The signal charges therein can be transferred to the CCD register 64, whereby a continuous video signal Vo is obtained. Note that the present invention is not limited to the illustrated embodiment, and various modifications are possible. For example, in the above embodiment, the timing control unit 53 is provided inside the sensor 50, and the timing control unit 53
, The odd clock φo and the even clock φE are generated, but they may be generated outside the sensor 50. By doing so, the CCD chips 55a to 55d
The present invention can be implemented by adding only one clock supply wiring connected to the power supply without significantly increasing the outer shape.

[0015]

As described in detail above, according to the present invention, the odd clock and the even clock are separately supplied to the CCD chip, and the odd clock is stopped for a predetermined time when the odd transfer pulse is turned on. Since the even-numbered clock is stopped when the even-numbered transfer pulse is turned on, the pulse width of the transfer pulse can be set to an arbitrary width regardless of the frequency of the even-numbered clock and the odd-numbered clock. As a result, a sufficient transfer time of signal charges transferred from the photodiode to the CCD register can be ensured even at a high speed operation, and afterimages can be suppressed. Further, while signals are being sent from the preceding CCD chip, signal charges on the photodiode side of the next CCD chip can be transferred to the CCD register. As a result, signals from each CCD chip are continuously obtained, and external signal processing is simplified. In addition, if the odd clock and the even clock are generated outside the sensor main body, it is possible to realize a small-sized image input device capable of high-speed reading.

[Brief description of the drawings]

FIG. 1 is a configuration diagram of a main part of a multi-chip CCD image sensor according to an embodiment of the present invention.

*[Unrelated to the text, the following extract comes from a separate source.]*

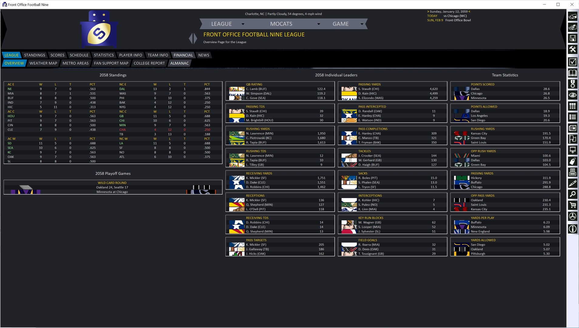 Put yourself in the Front Office with Front Office Football, the professional football simulation from Solecismic Software. Manage your roster through trading, free agency and the amateur draft. Create game plans, organize depth charts and watch your franchise thrive for decades.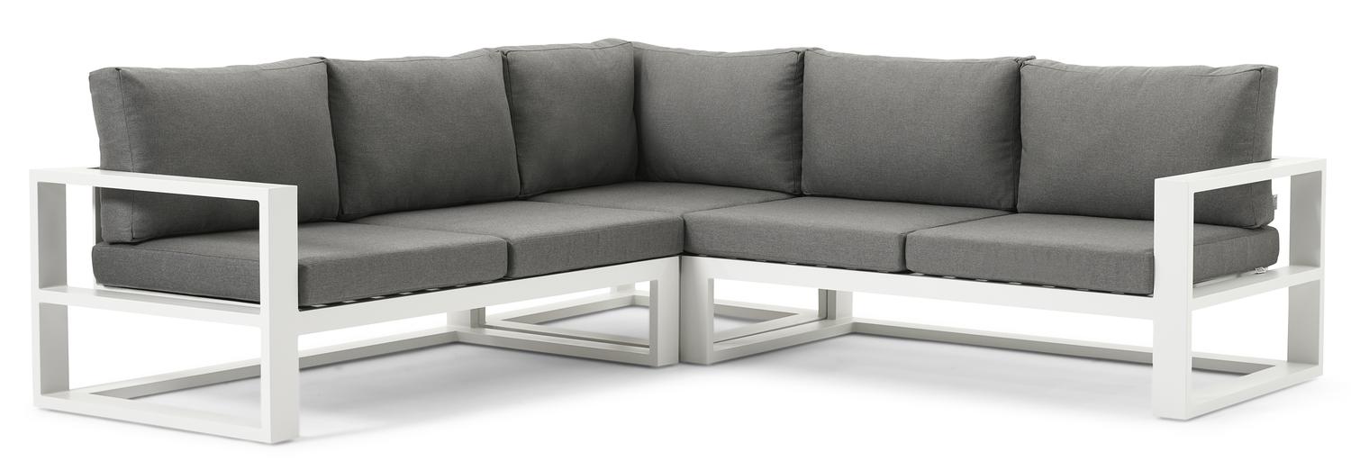 De Verato loungeset in wit aluminium met grijs Weather+ Softtouch kussens is van het merk Bristolà la carte en is hier verkrijgbaar in de kleur grijs/wit.

FIG. 2 is a configuration diagram of a main part of a conventional multi-chip type CCD image sensor.

FIG. 3 is an operation explanatory diagram of the device of FIG. 2;

4 is an enlarged signal waveform diagram of waveform portion A in FIG.

FIG. 5 is an overall configuration diagram of a multi-chip CCD image sensor according to an embodiment of the present invention.

FIG. 6 is a schematic configuration diagram of a CCD chip in FIG. 1;

FIG. 7 is an operation explanatory diagram of FIG. 1;

FIG. 8 is a partially enlarged waveform diagram of FIG. 7;

[Explanation of symbols]

51 light source 51a original image 55a to 55d CCD chip 61 photodiode column 64 CCD register φo odd clock φE even clock phi _T1 to [phi] _T4 transfer pulse

Continuation of the front page (58) Field surveyed (Int.Cl. ⁷ , DB name) H04N 1/19-1/193 H04N 1/028-1/031

Claims (1)

(57) [Claims] 1. A photodiode for converting reflected light of a light beam emitted from a light source to an original image into signal charges, and outputting the signal charges transferred from the photodiodes based on a transfer pulse in accordance with a predetermined clock signal. A multi-chip CCD in which a plurality of CCD chips having a CCD register for transferring to the side are arranged, and the signal charges output from the respective CCD chips are sequentially output
In the image sensor, an odd-numbered clock and an even-numbered clock are supplied as the clock signals supplied to the odd-numbered and even-numbered CCD chips, respectively, from the first stage to the last stage of each CCD chip. A multi-chip CCD image sensor, wherein the supply of the odd clock and the supply of the even clock are stopped for a predetermined time when the transfer pulses supplied to the odd-stage and even-stage CCD chips are turned on. Clock supply system.